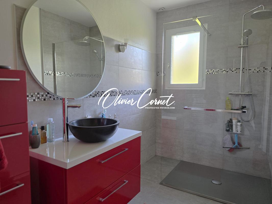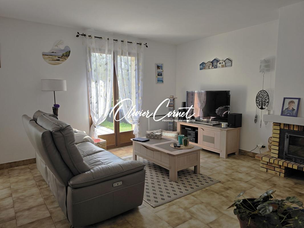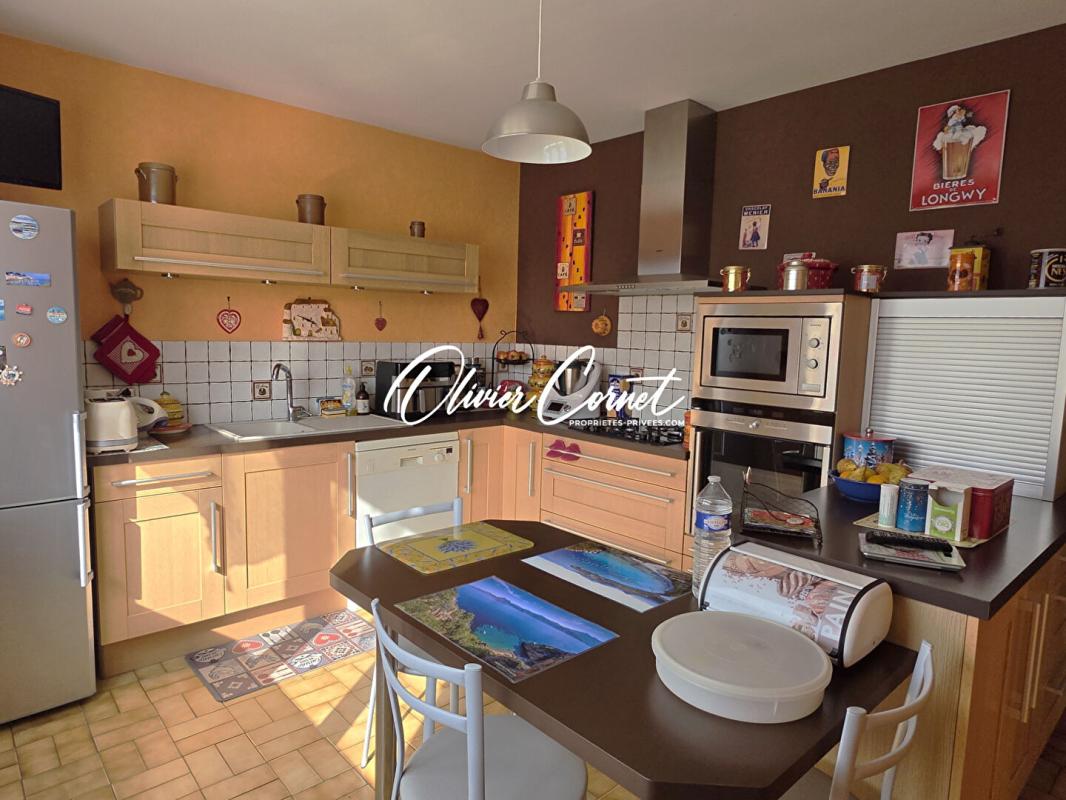 De plain-pied, ce pavillon vous offre un séjour avec cheminée insert et accès direct à une terrasse exposée sud, une vaste cuisine équipée, deux chambres, une salle de douches récente et des wc séparés. A l'étage, un grand palier lumineux dessert deux chambres supplémentaires, dont une aux dimensions généreuses et une seconde salle de douche avec wc.
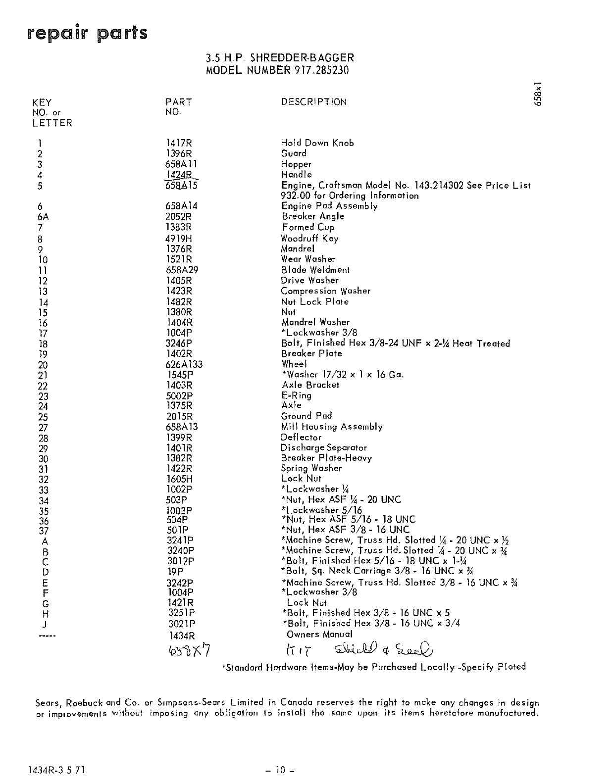 ordering parts by mail, selling prices will be furnished on
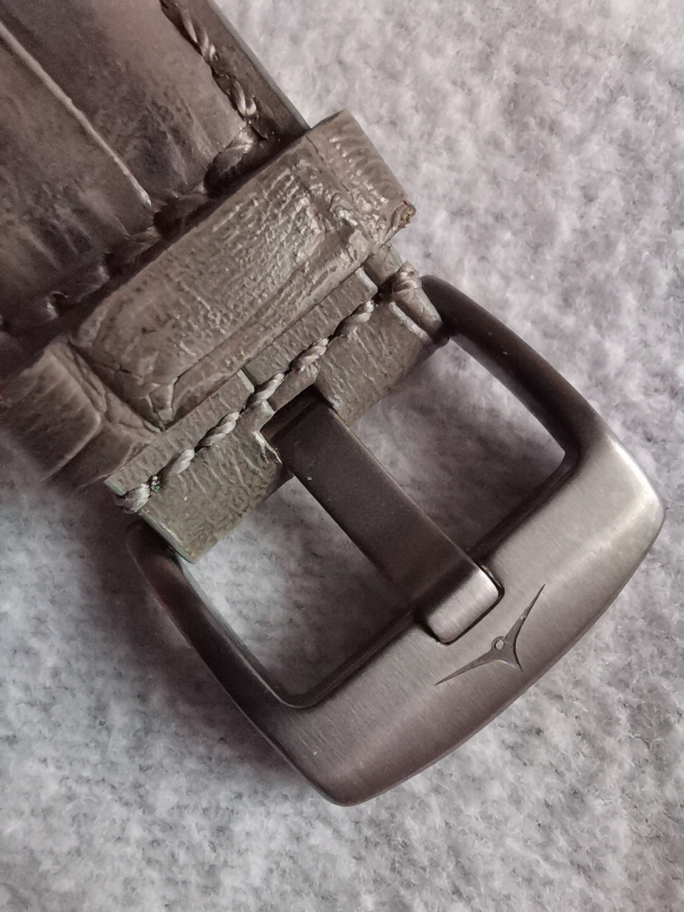 Родной ремень стоял кожаный, белого цвета, с функцией "быстрой замены" и стальной баклей с лого производителя, который я сразу заменил на заранее купленый силиконовый (мне он показался более подходящим, поскольку планировал носить часы на работе, где, по роду деятельности, часто контактирую с жидкостями)!
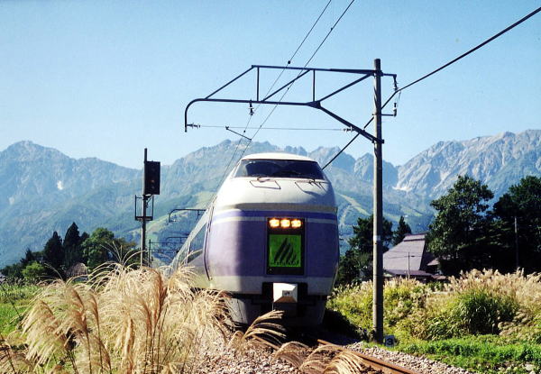 大糸線の代表ポイントとも言える、白馬岳など北アルプス背後の田園地帯。標準レンズでもこれだけ大きく山が入ります。もっとサイドに引いた構図が定番ですが、この日は手前のススキなど雑草が多すぎて、ススキを手前に入れて寄った構図としました。
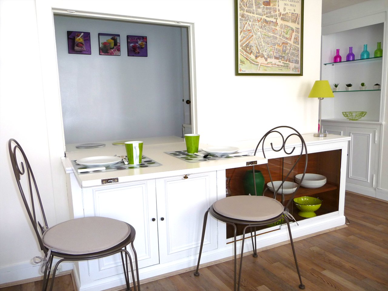 large panneau abattant peut s'ouvrir sur la cuisine et se transforme en
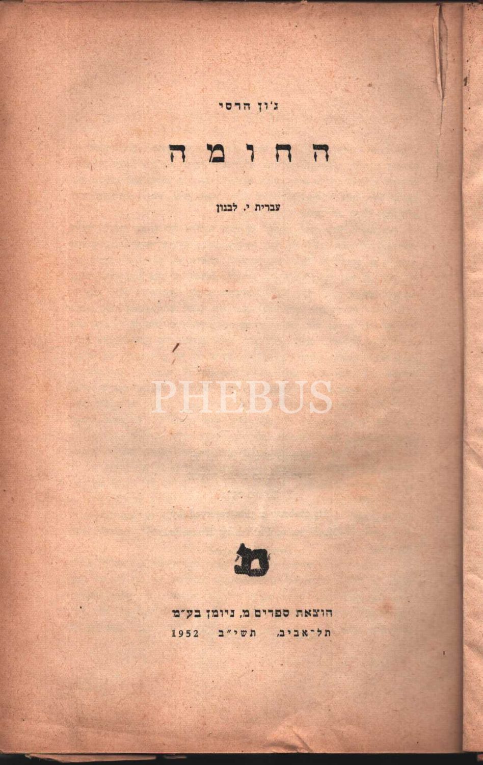 Achoma ( החומה ), Tel Aviv, 1952, Levinson Arşivi, Newman Yayınları, yazan: John Herzi, çev: Y. Lebanon, 578 s.
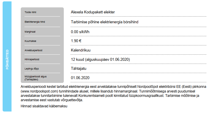 Peale Alexelaga lepingu sõlmimist tuli EE-lt pakkumine "tunnipõhine hind + marginaal 0,12 s/kWh". Ilma kuutasuta.
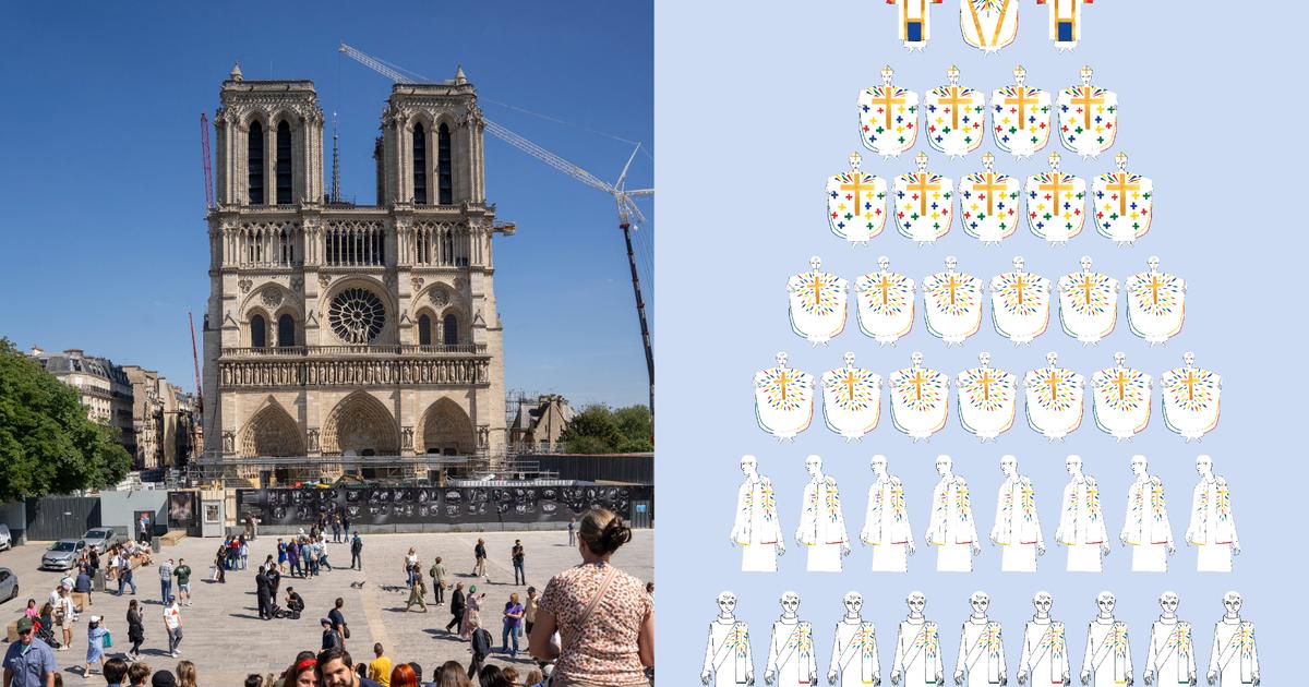 Le recteur Mgr Ribadeau Dumas et le créateur Jean-Charles de Castelbajac nous dévoilent, en exclusivité, les ornements liturgiques créés en l'honneur des célébrations de la réouverture de la cathédrale.
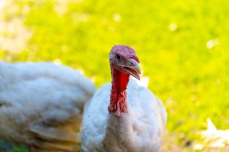 Breeding turkeys on a farm. White turkey portrait. Flock of Turkeys at the farm. Pasture raised turkey on a farm
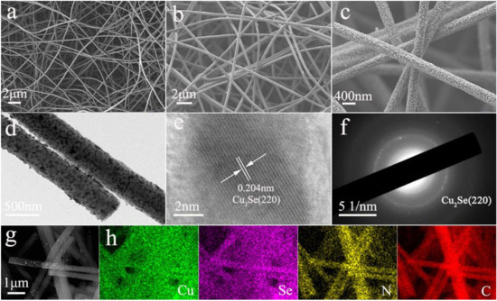 (a) SEM image of Cu(AC)2/PAN electrospun nanofibers; (b,c) SEM and (d) TEM images of Cu2Se-NC nanofibers after selenization treatment; (e) HRTEM image of Cu2Se-NC nanofibers. (f) Selected-area electron diffraction patterns of Cu2Se-NC nanofibers. (g) SEM image and (h) corresponding elemental mappings of Cu, Se, N, and C of Cu2Se-NC.
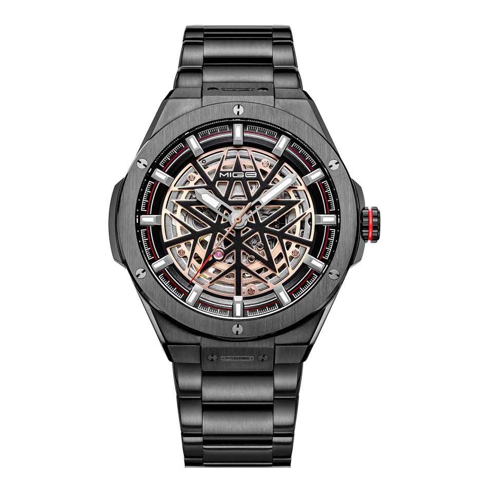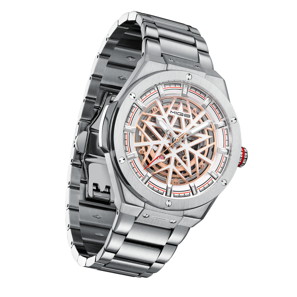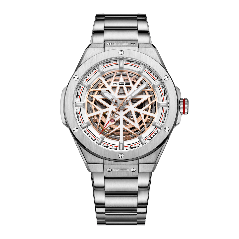 นาฬิกากลไกสำหรับผู้ชายสายหนังหน้าปัดทรงกลมทำจากสแตนเลสสามารถปรับแต่งได้ตามต้องการ
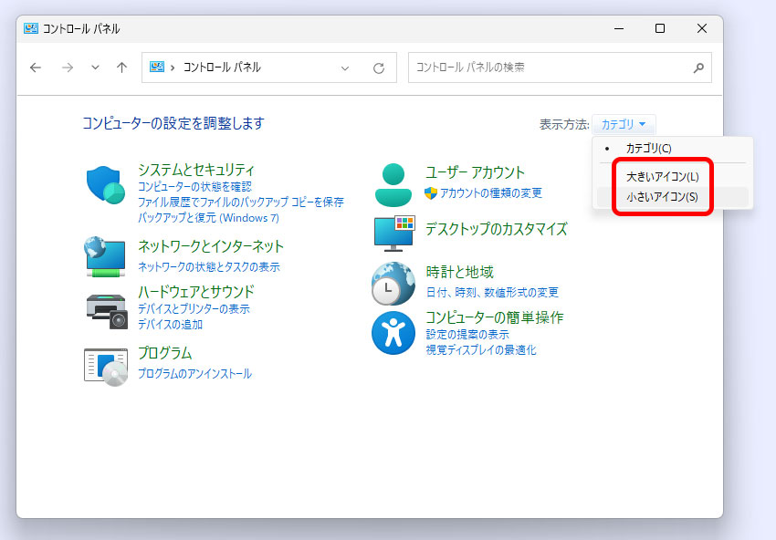 表示方法が「カテゴリ」になっている場合は、大小いずれかの「アイコン」での表示に変更します。
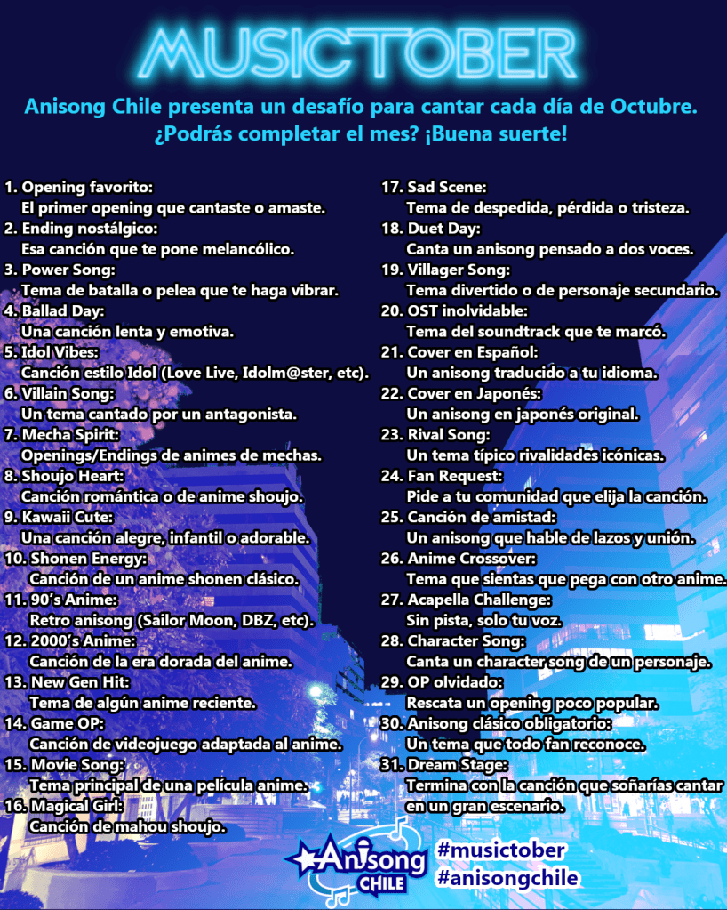 Este mes de octubre, a través del Instagram de nuestra comunidad @anisongchile , empezamos lo que es la difusión actualmente de la iniciativa musical para octubre, llamada Musictober 2025. En ella, los anisingers que pertenecemos a la comunidad, y por extensión, cualquier persona que lo desee, subimos videos, cantando distintos temas de anime, de acuerdo a los requerimientos dados en un listado para cada día del mes de octubre.
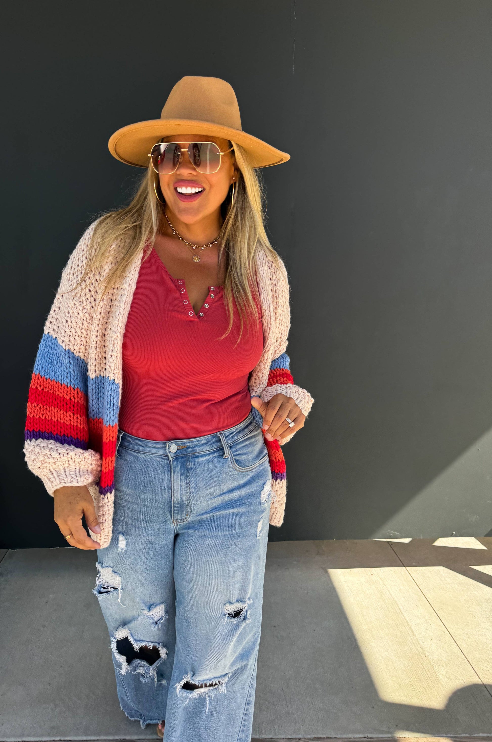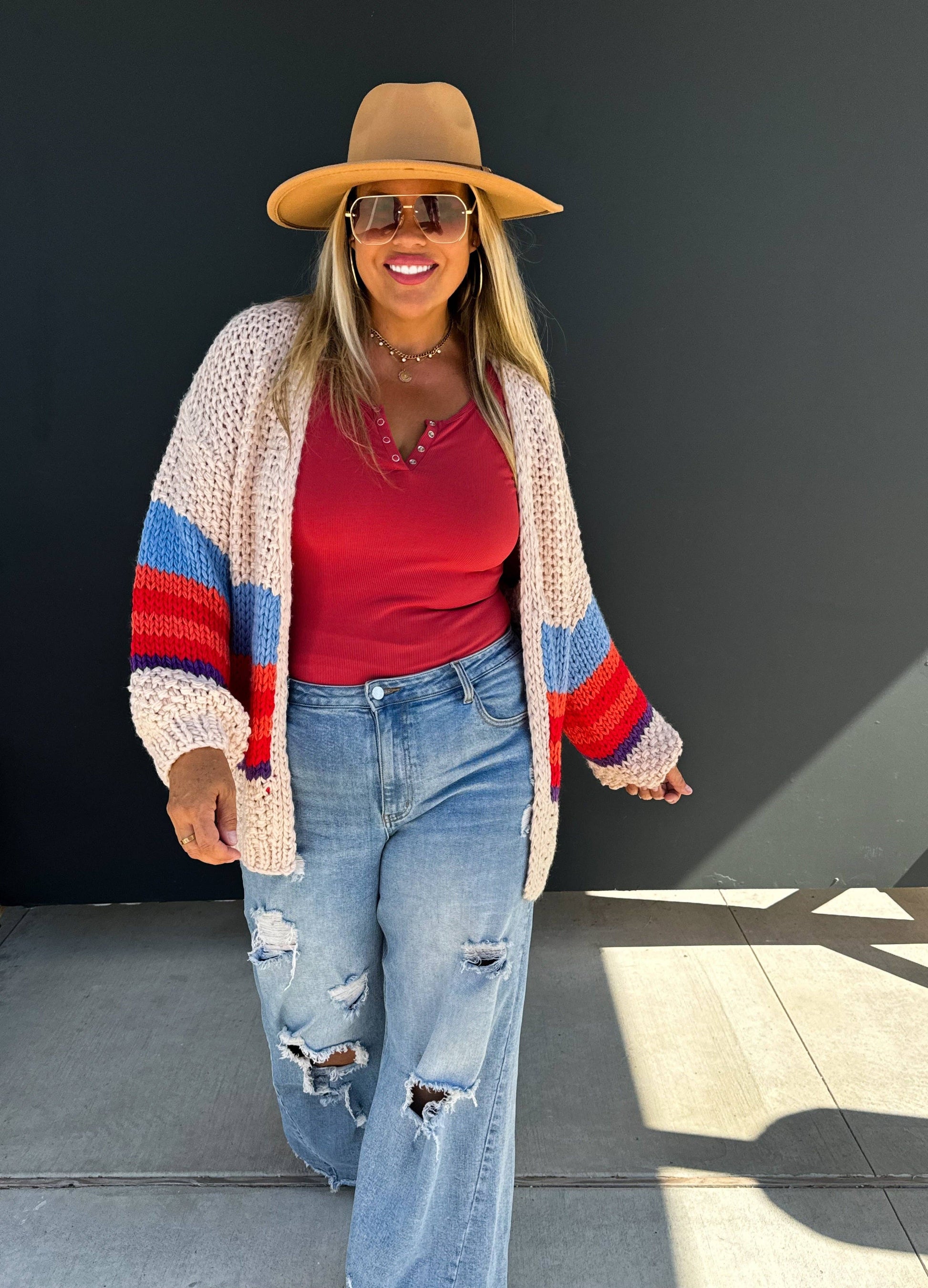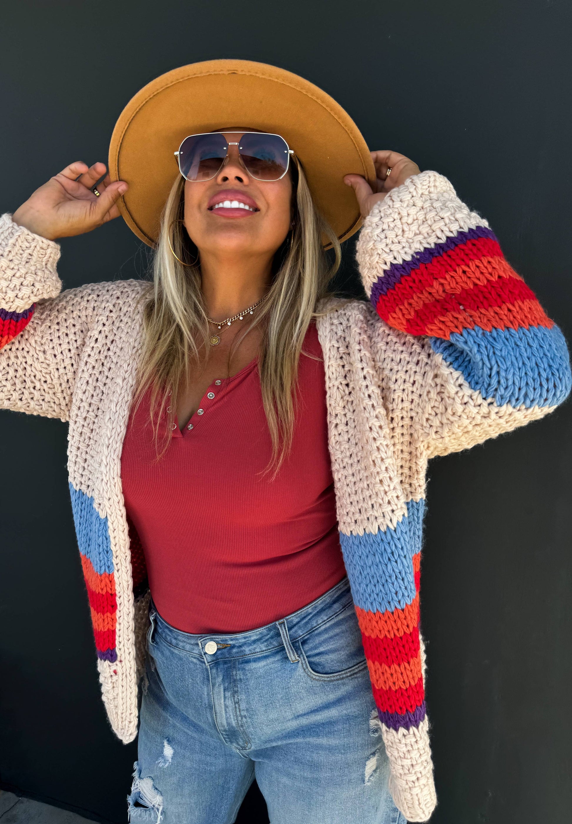 A statement layer made for cozy days and chic nights. This chunky knit cardigan features playful bubble sleeves, bold stripes, and a relaxed, stretchy fit that makes it the easiest throw-on piece in your closet.
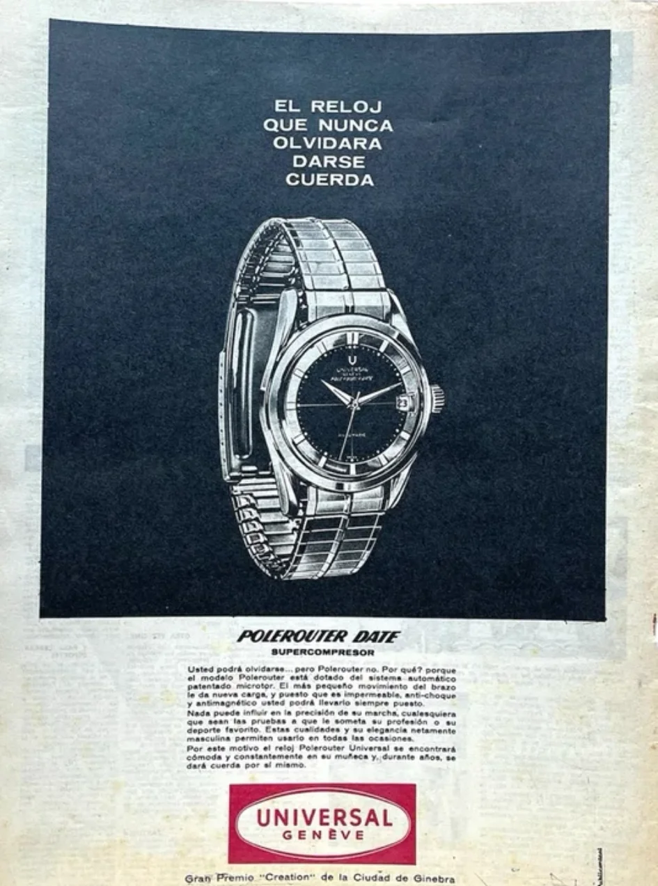 ·Here’s an interesting detail from two Spanish advertisements for the Universal Genève Polerouter: both watches are fitted with a JB Champion bracelet, specifically the TK model, as noted in the Polerouter book. What makes this notable is that the bracelet features 17mm end links, while the watch has 19mm lugs. Despite the visible gap between the bracelet and the case, this was an original factory configuration.

____

_Task item_
The required output is an exact copy of the lines from the start of the material above through the line containing "ordering parts by", inclusive, with no pictures in it.

_Solved problem_
 De plain-pied, ce pavillon vous offre un séjour avec cheminée insert et accès direct à une terrasse exposée sud, une vaste cuisine équipée, deux chambres, une salle de douches récente et des wc séparés. A l'étage, un grand palier lumineux dessert deux chambres supplémentaires, dont une aux dimensions généreuses et une seconde salle de douche avec wc.
 ordering parts by mail, selling prices will be furnished on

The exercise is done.